Dead and done for, Sarah. Come down,
like a good girl, and let me in."
"I'm not sure that they're fast asleep."
"Oh, they are," said Hugh Ingelow, confidently, "if you administered the
drug and they drank the tea."
"I did," said Mrs. Sharpe, "and they drank the tea and went to bed awful
sleepy. If you think it's safe, I'll go down."
"All right. Come along."
Mrs. Sharpe lowered the sash and hurried down stairs. Bolts clattered,
the lock creaked, but the sleepers in the house made no sign. A second
or two and the nocturnal marauders were together in the hall.
"I told you it was safe," said Mr. Ingelow. "You are a woman in a
thousand, Sarah, to manage so cleverly! Now, then, for Miss Dane!

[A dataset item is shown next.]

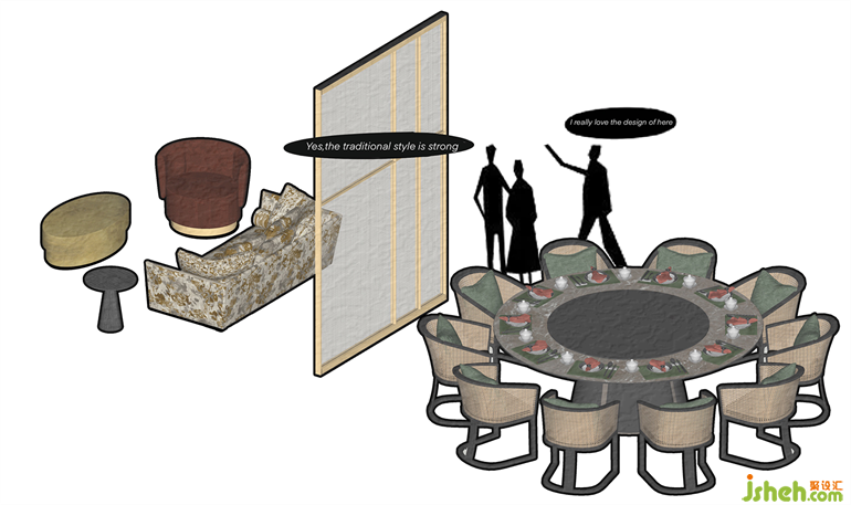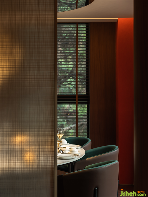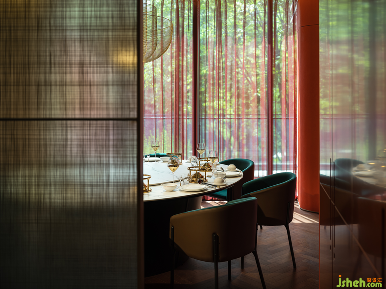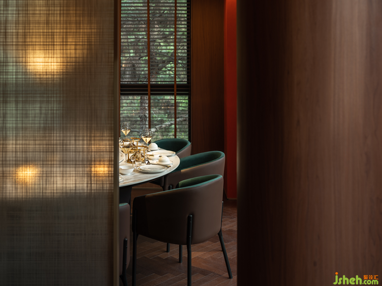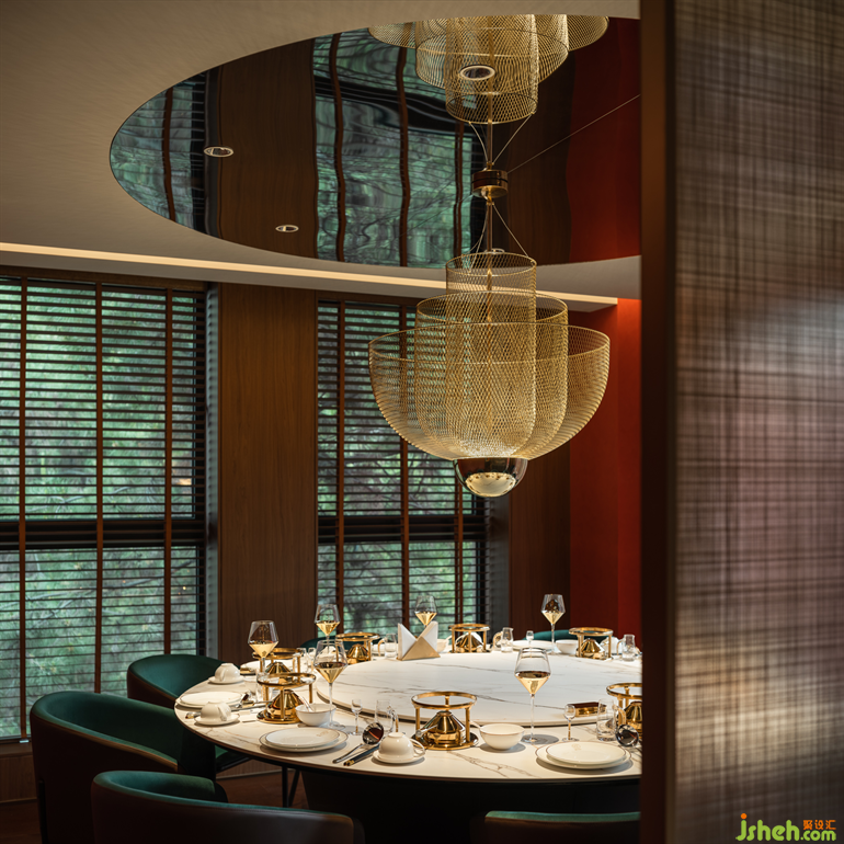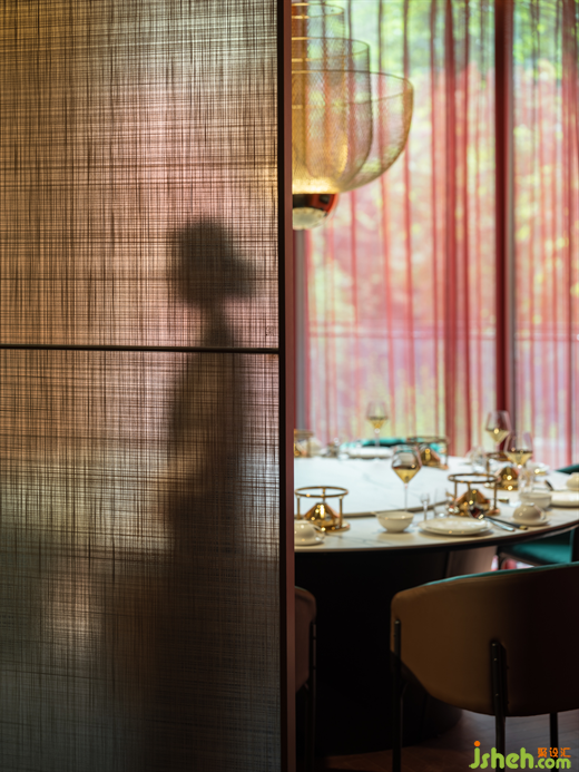 包廂延續(xù)了新古典浪漫主義,厚重的隔斷與紗帳,帶來夢里看花的朦朧美感?;疱伒暝O計師以材料、色彩、器物、藝術(shù)等諸多方面入手,為現(xiàn)場營造出精致、優(yōu)雅、奢華的氛圍感。

Upstairs, is it? Do you go in first, Sarah; but don't tell her I'm
coming. I want the pleasure of surprising her myself."
Sarah smiled, and unlocked Mollie's door. The girl was sitting with an
anxious, listening, expectant face. She rose up and turned around at the
opening of the door.
"Is it you, nurse? Oh, I have been so uneasy! What noise was--"
She never finished the sentence--it died out in an inarticulate cry of
joy.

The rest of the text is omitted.